Rebecca Evans Thursday 11th February 2010 Psychological Perspectives in Health and Social Care Assignment 1: Psychological Approaches in The Care Setting Learning Outcomes:- 1. Understand psychological approaches to study. 2. Be able to apply psychological approaches to Health and Social Care. As part of this assignment, I aim to describe the application of behaviourist perspectives in health and social care. I will then go on to describe the application of psychodynamic perspectives in health and social care. Finally, I will analyse the contribution of different psychological perspectives to the understanding and management of challenging behaviour. Task 1 P1) * Describe the principles of Operant Conditioning in health and social care and use these principles to explain why a child has persistent tantrums. This type of learning was first developed by Burrhus Frederic Skinner, an American Psychologist who worked mainly with rats and pigeons discovering main key principles of learning new behaviours using the now famous "Skinner box", he was able to condition the animal to adapt to behaviour patterns. The box contained a lever, which when pressed produced a food pellet into the box. Initially, when the rat for example, was released in the box, it would run around sniffing various objects until it accidently presses the lever to release the food pellet. Gradually over a period of time, repeats this action and comes to learn that pressing the lever will reward him with food. This is known as "reinforcing behaviour" and increases the chance of the behaviour continuing.
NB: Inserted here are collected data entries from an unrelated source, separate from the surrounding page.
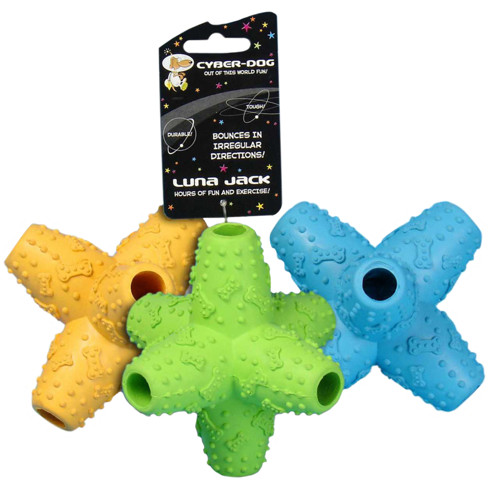 Give your dog a treat that's out of this world with the Cyber Dog Lunar Jack. The unique design causes this toy to bounce irregularly, adding an extra touch of unpredictable fun to your game of fetch. Your pooch won't know where it will go next and will have hours of fun chasing it around! You can even fill the points of the jack with treats to give your pooch and mental work out as well.
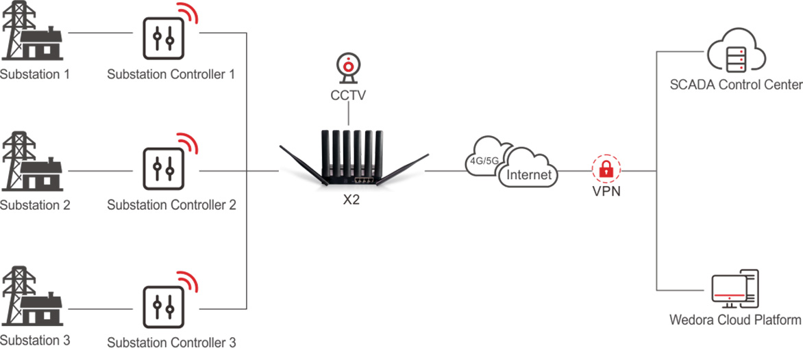 Detect the voltage and current sensors of the entrance and outlet circuits of the main transformer, the operation status of all equipment, circuit breakers and isolation switches in the control room, fire, flooding alarm, control room camera monitoring, the collected data are transmitted back to the general command center by Hongdian X2 IoT Industrial Gateway, and at the same time monitor whether the data of multiple transformer stations are normal, there is no need to send manual on-site duty. When the power transformation problem occurs, the problem of the transformer station can be remotely checked and solved. There is also an early warning report for fires and flooding, and can be dealt with in time when the shoots appear.
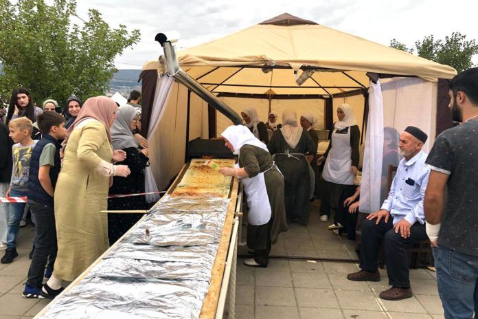 На выходе мы получили любимое дагестанцами блюдо длиной 17,4 метра. Его удалось разделить на 2000 ломтиков и раздать всем участникам мероприятия.
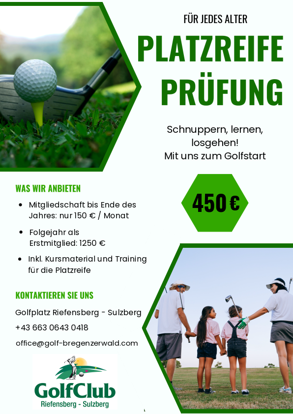 Aktuell wird ein Platzreifekurs angeboten, der für viele Ballsport- und Golfinteressierte – unabhängig vom Alter – eine spannende Möglichkeit bietet, den Golfsport von Grund auf kennenzulernen.
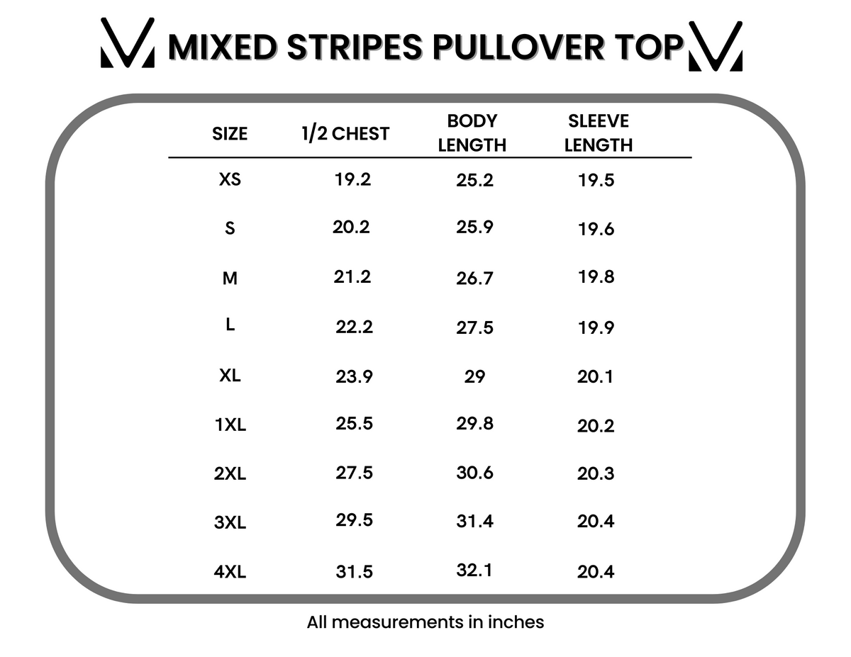 Indulge in the chic and exclusive style of our Mixed Stripes Pullover. The perfect combination of sophistication and comfort, the mixed stripes design adds a touch of artistic flair to your wardrobe. This pullover top has cuff sleeves, a crew neck line, and comfort fabric softness!
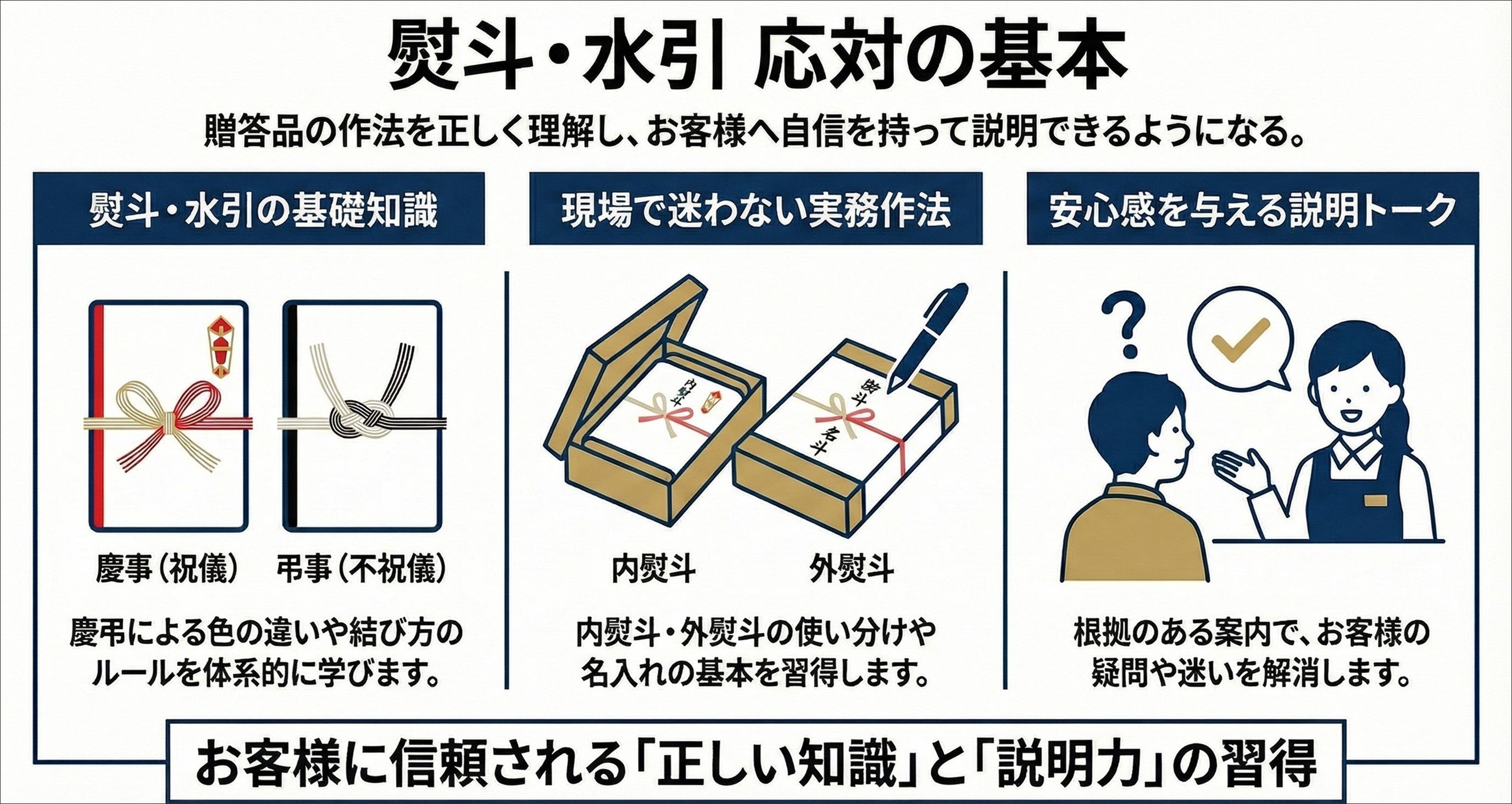 慶事や弔事における正しい使い分けを理解し、名入れや表書きなどの具体的な作法を実務で活用できる状態を目指します。また、根拠のある案内によってお客様に安心感を与える応対を実装します。
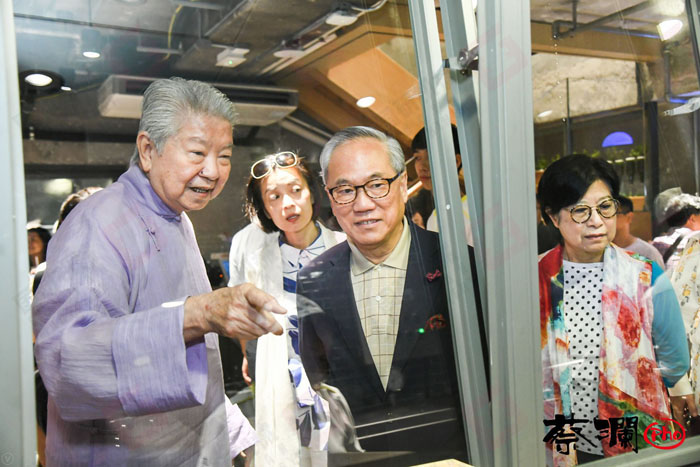 蔡瀾先生給前特首曾蔭權(quán)及到場(chǎng)嘉賓介紹國研河粉制作越南粉的過程。

There are two forms of reinforcing, positive and negative:- * Positive Reinforcement - Occurs when as the result of following a certain behaviour pattern, a reward is given. * Negative Reinforcement - Occurs when behaviour patterns result in removing something unpleasant. For example:- to investigate negative reinforcement, Skinner installed a small electric current onto the floor of the skinner box, by pressing the lever, the rat came to learn that the current would be deactivated, thus proving negative reinforcement. ...read more.

Middle

Stage 3 (age 3-6) - At this stage of a child's development there is rapid social, physical and intellectual development. Through interaction with others, new skills are developed and an increased self-confidence is formed. By welcoming a child's curiosity about life to explore and learn new skills through play and life experiences together with new physical new initiative is developed. However, negativity at this stage such as parents ignoring questions about the world in which they live and prevention of play and physical activities, will result in a reduction in the child's curiosity about the world in which they live and confidence, competence and initiative will reduce, leaving the child with feelings of lack of self worth and guilt. Stage 4 (age 6-12) - At this stage children become concerned with how things are made and how they work. Teachers, parents and siblings all play a part at this stage of development. Children begin to compare themselves to their peers to assess their own achievements and this is essential in the development of self-worth. A sense of "industry" is developed with the individual encouraged to undertake tasks of a realistic nature where success is likely this encourages high self esteem and a sense of competence. However "Inferiority" results if the child is pushed into doing tasks they are not ready to do. A lack of guidance and encouragement, coupled with criticism for failure will lead the child with a low self esteem and overall negative self concept. Stage 5 (ages 12-18) - Erikson likened the psychological turmoil of teenage years to "storm and stress" where ones self concept is affected by several factors:- * Physical changes to the body causing an affected body image and which may have an effect on the individuals sense of self belief. * Intellectual development which allows the individual to be aware of current levels of intelligence and the potential of what careers may lie ahead. ...read more.

Conclusion

However, again Joe's dominant Id comes to the fore. He is impulsive, careless of others' feelings and does not think through the consequences of his actions. Classically, he is inclined to aggression to people of dominant Id. 3. Humanistic Approach to Joe's Behaviour The humanistic approach to Health and Social care describes the understanding of human experience from the individual's position focusing on free will and the capability of making choices. Abraham Maslow and Carl Rogers are two psychologists associated with this approach. Maslow, an American psychologist constructed his "Hierarchy of Needs" explaining requirements every human being needs in basic needs to eventually achieve self-actualisation (achieve full potential). From information given, it is evident that Joe has not fulfilled the majority of his basic needs. I feel he is at the bottom of Maslow's hierarchy he is getting the basic physical needs (food, drink, warmth, etc...). However, it can be seen that his safety and security is not achieved because he remains anxious, depressed and aggressive. Until such emotions are addressed Joe will not be able to develop accordingly to Maslow's Hierarchy of Needs. Joe can be likened more effectively to the theories of Carl Rogers, a psychologist "particularly interested in the concept of self" (Stretch, B, 2007, Pg388). Self concept is the way in which we see ourselves involving physical and biological traits. He has two key terms he uses "internalise" in the way in which we perceive outside information and build our sense of self. In Joe's case, he has a low self worth and tries to compensate by being dominant and aggressive. He is generally depressed which reinforces the feelings of inadequacy. Initially, staff and clients were supportive and friendly towards him which would help him value himself and increase self esteem. However, increasing aggression, dominance and bad behaviour causes a reverse attitude by clients and staff alike and this in turn contributes to Joe's poor behaviour affecting his self esteem in a negative way. The prospect of being made to leave the home could leave Joe feeling troubled and unhappy and have a negative concept of his ideal self. ...read more.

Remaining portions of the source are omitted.